The prohibition on the use of chemical weapons is part of the international order. Today, that prohibition has been effectively overturned, writes Faisal Al Yafai
Chemical warfare might just be one of the worst legacies of the Syrian war
Almost exactly a year ago, in the early hours of the morning, Syrian fighter jets dropped bombs on the rebel-held town of Khan Sheikhoun, outside the city of Idlib. Within minutes, a nerve gas began to envelop residents, convulsing their bodies and choking them to death. More than 80 men, women and children died.
Once again, as had happened before when the Assad regime used chemical weapons, there was an international outcry and a clamour for action. Something must be done, the analysts bayed, to enforce a global prohibition on the use of chemical weapons in war.
The response, when it came, was celebrated, as US President Donald Trump ordered a missile strike on the Syrian airbase from which the chemical weapons strike was apparently launched, the first time the US military had conducted such an attack during the Syrian civil war.

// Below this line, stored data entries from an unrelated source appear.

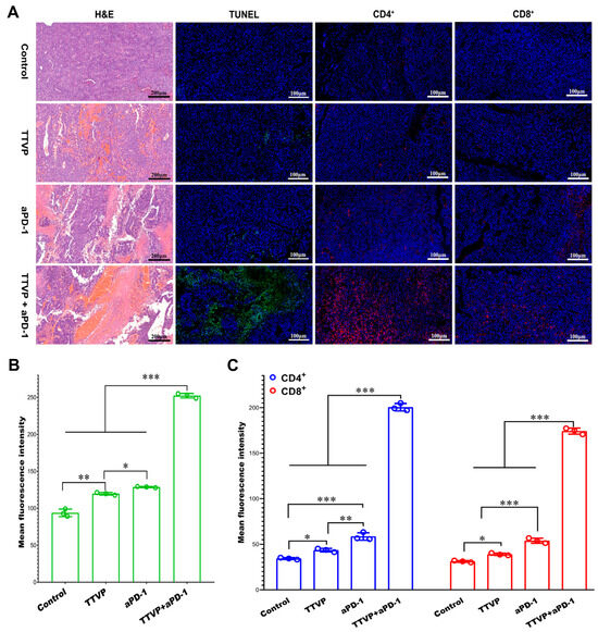Micrographs of tumor tissues stained by H&E, TUNEL, and antibodies of CD4/CD8. (A) Fluorescent intensity of (B) TUNEL and (C) CD4/CD8 staining (data are expressed as mean ± SD, n = 3; * p < 0.05, ** p < 0.01, *** p < 0.001). (Reproduced with permission from reference [105]. Copyright 2022, Acta Biomater).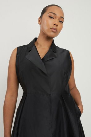 Lydia Millen Plus Size Taffeta Full Skirt Tailored Wrap Shirt Midi Dress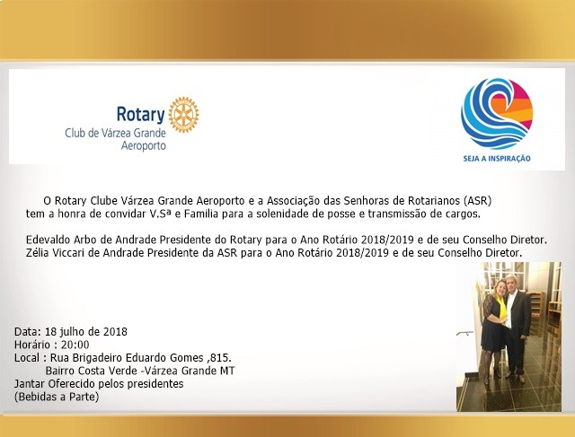 Convidamos a V.s para a Solenidade de Posse e Transmissão de Cargos do Rotary Clube Várzea Grande Aeroporto Ano Rotário 18/19 juntamente com ASR ( Associação de Senhoras de Rotarianos).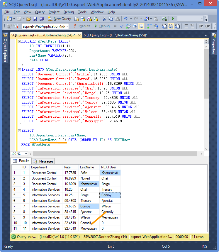 SqlServer2012中LEAD函數(shù)簡(jiǎn)單分析

But although Mr Trump's military response exacted a price from the regime and was praised for it, as a way to enforce the global prohibition on such weapons it failed.
Far from enforcing a deterrent, the response actually undermined the whole principle of deterrence. Because the point of the response was not to merely “punish” the regime for its use of chemical weapons but to ensure that the regime never thought of using such weapons again. And as the attack last week in Eastern Ghouta showed, that clearly did not happen.

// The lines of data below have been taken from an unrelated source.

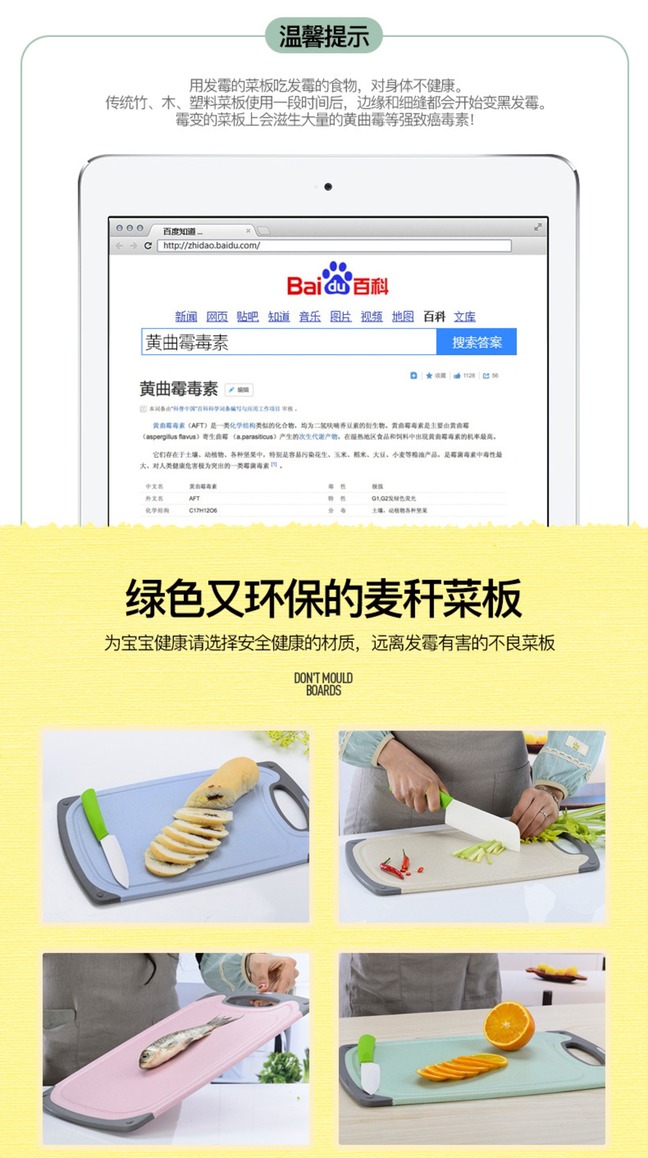 小麦繊維を使用しているため、非常に軽量で薄いデザインが特長です。簡単に持ち運ぶことができ、収納も抜群!210×350mmのスモールサイズで、限られたキッチンスペースにフィットします。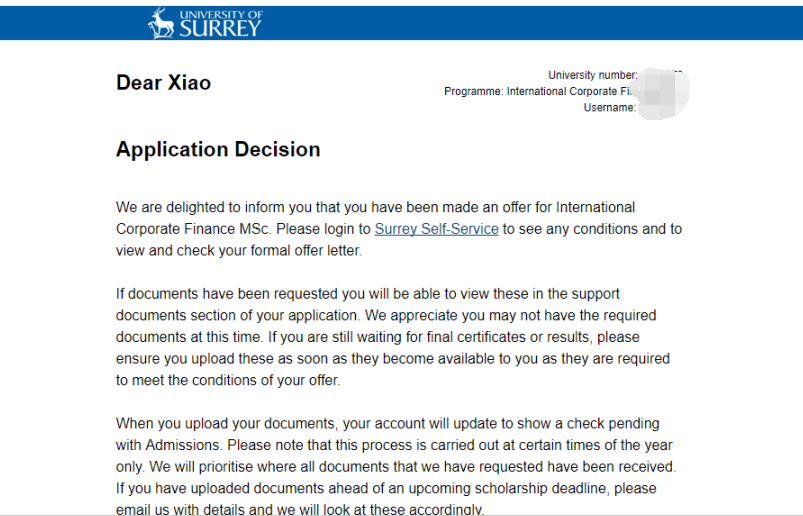 本硕直通海硕班优秀学生。在确定出国想法后,坚持不懈,努力学习雅思,并兼顾学校、社会相关活动,丰富个人本科背景。最终,经过努力申请到了谢菲尔德大学。2020年谢菲尔德大学QS世界排名第78名。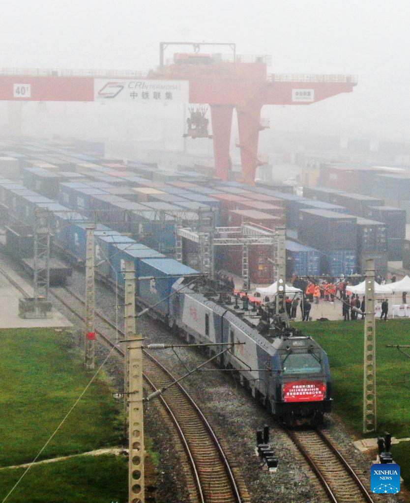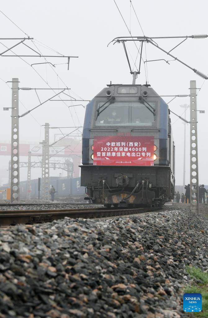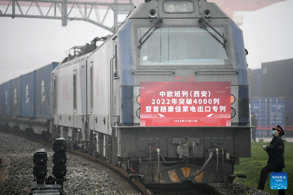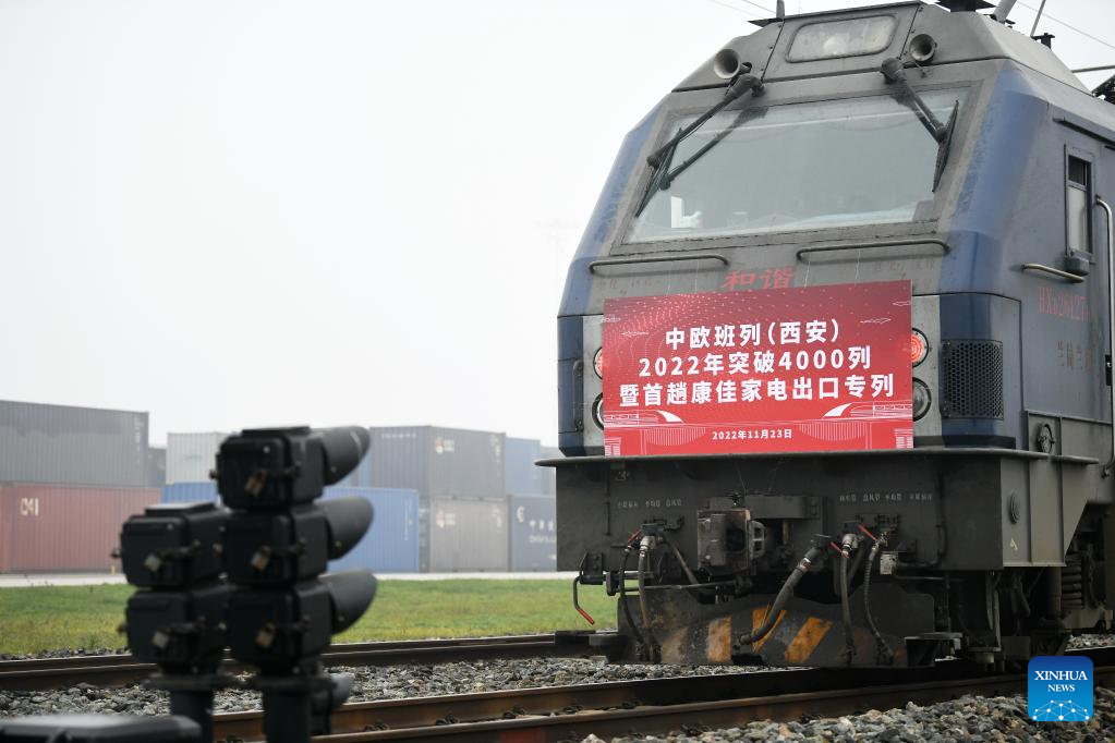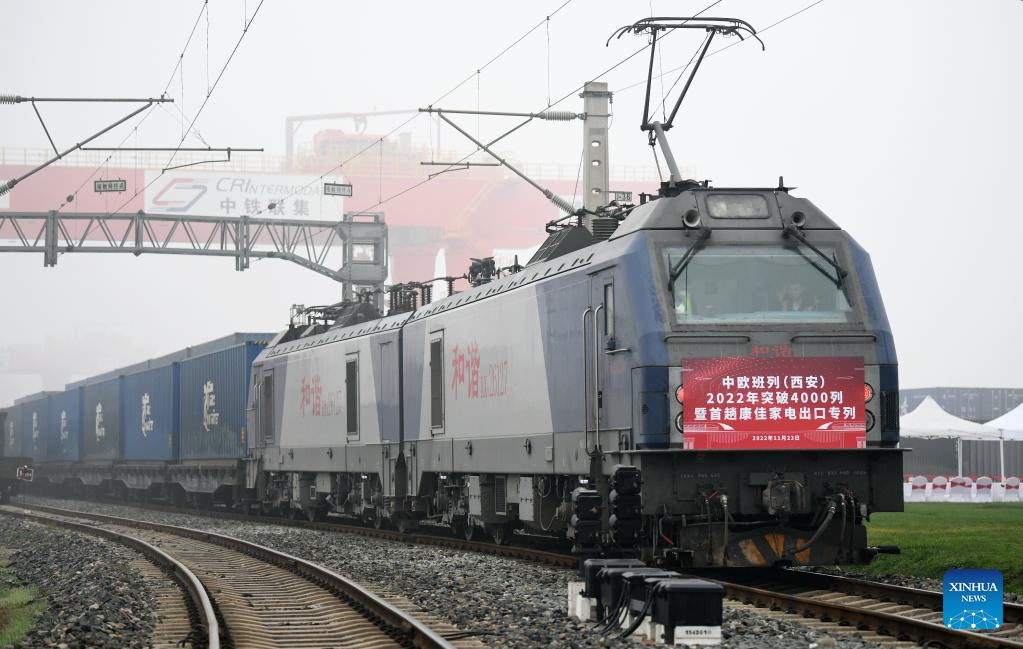 Train No. X8151, a China-Europe freight train, leaves from Xi'an International Port in Xi'an, northwest China's Shaanxi Province, Nov. 23, 2022. The train No. X8151, fully loaded with home appliances products, departed from Xi'an to Europe on Wednesday, marking the 4,000th trip of China-Europe freight train made from Shaanxi in 2022. (Xinhua/Li Yibo)

The use of chemical weapons has served a valuable purpose for the Assad regime. So far, after relentless shelling of the besieged enclave, thousands have left or been evacuated from Eastern Ghouta. The use of chemical weapons is a powerful psychological tool to flush out the rest, as well as sending a warning to other areas still under rebel control, such as Idlib, of what might – indeed, almost certainly will – happen.

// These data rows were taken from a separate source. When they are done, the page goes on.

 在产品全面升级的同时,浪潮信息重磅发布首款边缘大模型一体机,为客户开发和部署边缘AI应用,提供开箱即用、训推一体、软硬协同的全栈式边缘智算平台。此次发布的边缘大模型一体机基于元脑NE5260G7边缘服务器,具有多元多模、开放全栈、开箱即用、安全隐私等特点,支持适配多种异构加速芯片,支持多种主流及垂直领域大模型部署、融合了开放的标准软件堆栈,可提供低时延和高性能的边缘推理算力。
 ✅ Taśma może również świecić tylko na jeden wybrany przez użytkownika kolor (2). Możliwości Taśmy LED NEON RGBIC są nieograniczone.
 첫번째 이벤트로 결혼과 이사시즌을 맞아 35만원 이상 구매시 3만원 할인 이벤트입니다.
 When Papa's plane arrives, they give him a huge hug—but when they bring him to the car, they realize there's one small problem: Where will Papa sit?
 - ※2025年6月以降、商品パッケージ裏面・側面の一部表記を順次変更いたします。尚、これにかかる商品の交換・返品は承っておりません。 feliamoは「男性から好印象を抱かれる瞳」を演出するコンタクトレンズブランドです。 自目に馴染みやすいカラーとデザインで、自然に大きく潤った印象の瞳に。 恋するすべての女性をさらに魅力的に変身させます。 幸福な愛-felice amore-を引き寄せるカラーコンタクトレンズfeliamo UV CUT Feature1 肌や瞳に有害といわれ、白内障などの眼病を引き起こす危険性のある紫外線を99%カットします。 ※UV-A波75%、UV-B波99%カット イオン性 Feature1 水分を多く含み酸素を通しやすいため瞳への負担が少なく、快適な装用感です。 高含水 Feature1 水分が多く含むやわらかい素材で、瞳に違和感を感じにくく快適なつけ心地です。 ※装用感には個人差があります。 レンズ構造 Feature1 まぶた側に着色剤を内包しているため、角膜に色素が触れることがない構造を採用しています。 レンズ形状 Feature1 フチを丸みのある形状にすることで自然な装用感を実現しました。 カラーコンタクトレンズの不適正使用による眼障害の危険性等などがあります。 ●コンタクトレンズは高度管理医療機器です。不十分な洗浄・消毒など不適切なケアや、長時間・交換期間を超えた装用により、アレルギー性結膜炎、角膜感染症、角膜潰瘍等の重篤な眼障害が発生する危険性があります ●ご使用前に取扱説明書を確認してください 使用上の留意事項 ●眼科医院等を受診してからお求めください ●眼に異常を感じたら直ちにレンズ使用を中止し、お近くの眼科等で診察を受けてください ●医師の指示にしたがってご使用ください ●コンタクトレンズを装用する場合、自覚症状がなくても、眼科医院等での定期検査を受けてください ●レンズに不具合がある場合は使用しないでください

Certainly, their use comes at a political cost but, as has been demonstrated so far, it is a cost that the regime is willing to pay.
The point of a deterrent is not that there is merely a price to be paid for the use of chemical weapons in war but that the price is so overwhelming that it makes them impossible to use. It is the overwhelming response that establishes and maintains the deterrent.
By contrast, if the price is, to continue the analogy of cost, merely expensive but manageable – as it has been so far for the Assad regime – then use of chemical weapons falls into the same category as any other military weapon, something that comes with costs and opportunities. Far from being a weapon of last resort, it instead becomes merely one more in the armoury.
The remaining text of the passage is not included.